• bert1
    2k

    Yeah, I'm not going to read all that. I've read things people have suggested before on consciousness and it hasn't helped. Most notably Tononi on the IIT theory, which is just another kind of functionalism. It's interesting but irrelevant. Please would you:

    1) Select two of those that you think are most relevant and I'll have a look
    2) Summarise in your own words 'How it is achieved'
  • bert1
    2k
    But they are given general anesthetic for certain surgeries, and we bury them when they are dead because we don't think they will mind -- are no longer 'conscious.'green flag

    I think this is muddled. It's not consciousness that ceases, but the self.
  • Michael
    15.6k
    As I see it, the problem is assuming some kind of a dualism and then 'deriving' some limitation of science.green flag

    It’s not a case of assuming dualism, just as it’s not a case of assuming materialism on the other side.

    It’s the case that either one finds a physicalist account of one’s first person experiences convincing or one doesn’t. And I’m not convinced by the claim that my first person experience of pain just is some particular arrangement of atoms (and other particles).

    It might be that my first person experience of pain depends on and is caused by such an arrangement of atoms, but it doesn’t then follow that they are one-and-the-same.
  • plaque flag
    2.7k
    I’m not convinced by the claim that my first person experience of pain just is some particular arrangement of atoms (and other particles).Michael

    Neither am I. I don't think 'pure' matter is anymore intelligible than 'pure' mind.

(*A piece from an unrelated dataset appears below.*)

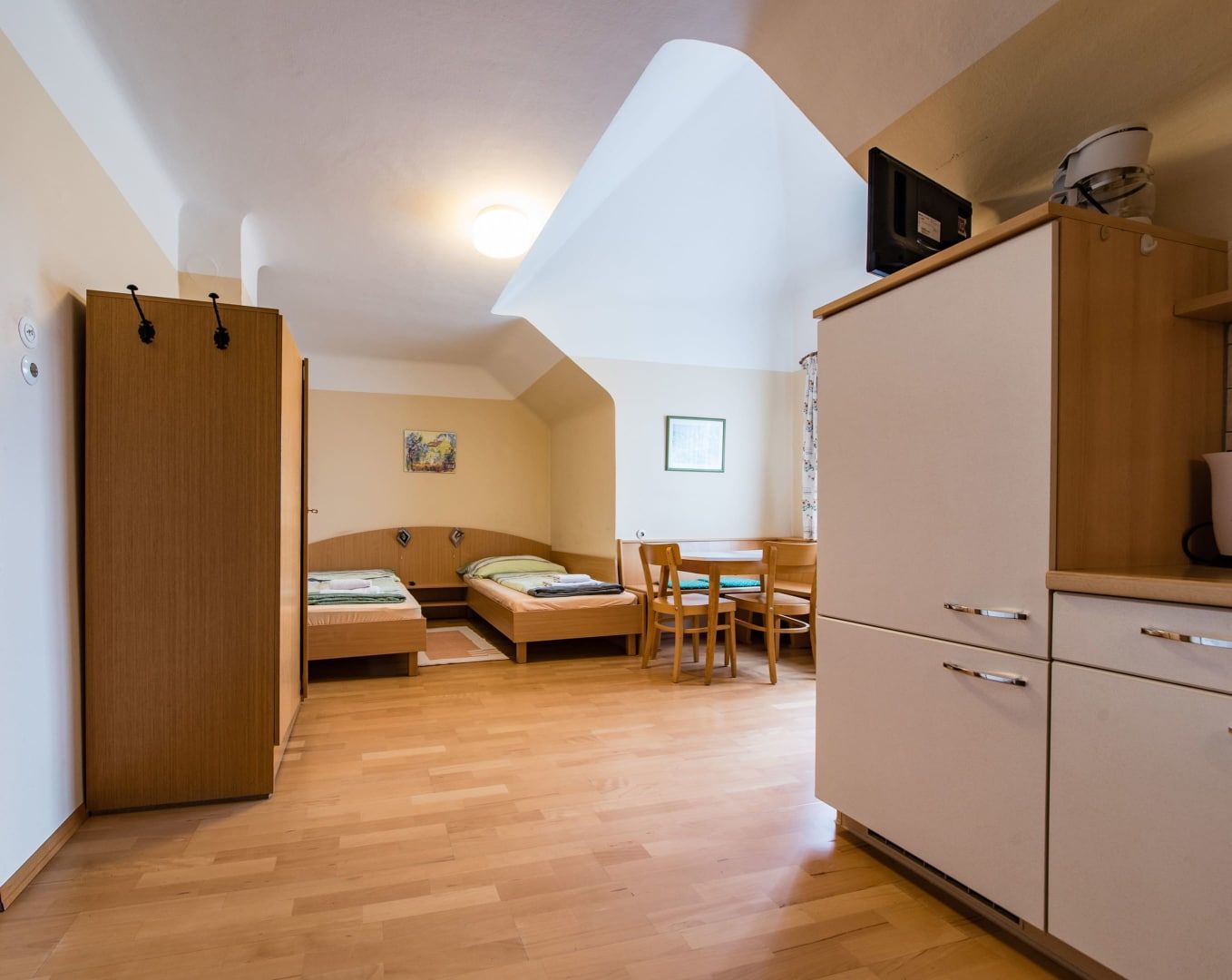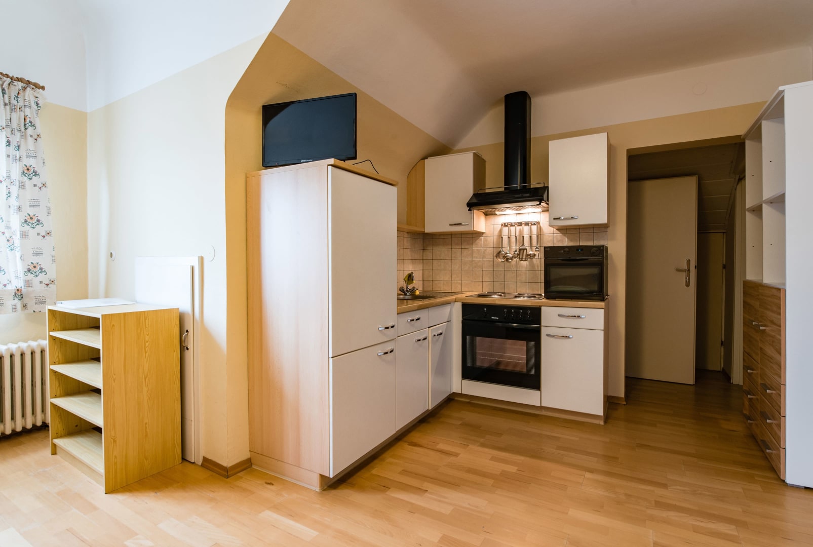 Mansardenwohnung - Wohnschlafzimmer mit Küchenblock, Bad mit WC.

    We live together in something like a lifeworld with includes claims about that world and norms for rational discussion. I suggest that first-person talk be examined in the light of the social role it plays.

    Also, how do primates generate a complex language from one that is less complex ? Etymology suggests that metaphors became 'literalized' (as if lifted up to an 'immaterial' abstraction) so that concepts like causality and sensation and soundness were added to our system.
  • plaque flag
    2.7k
    It might be that my first person experience of pain depends on and is caused by such an arrangement of atoms, but it doesn’t then follow that they are one-and-the-same.Michael

    If your pain is radically yours, radically private, then I cannot 'rationally' comment on it at all. It's like talking about a private ineffable walk with God. It's 'designed' to slip like wind through the nets of every inquiry.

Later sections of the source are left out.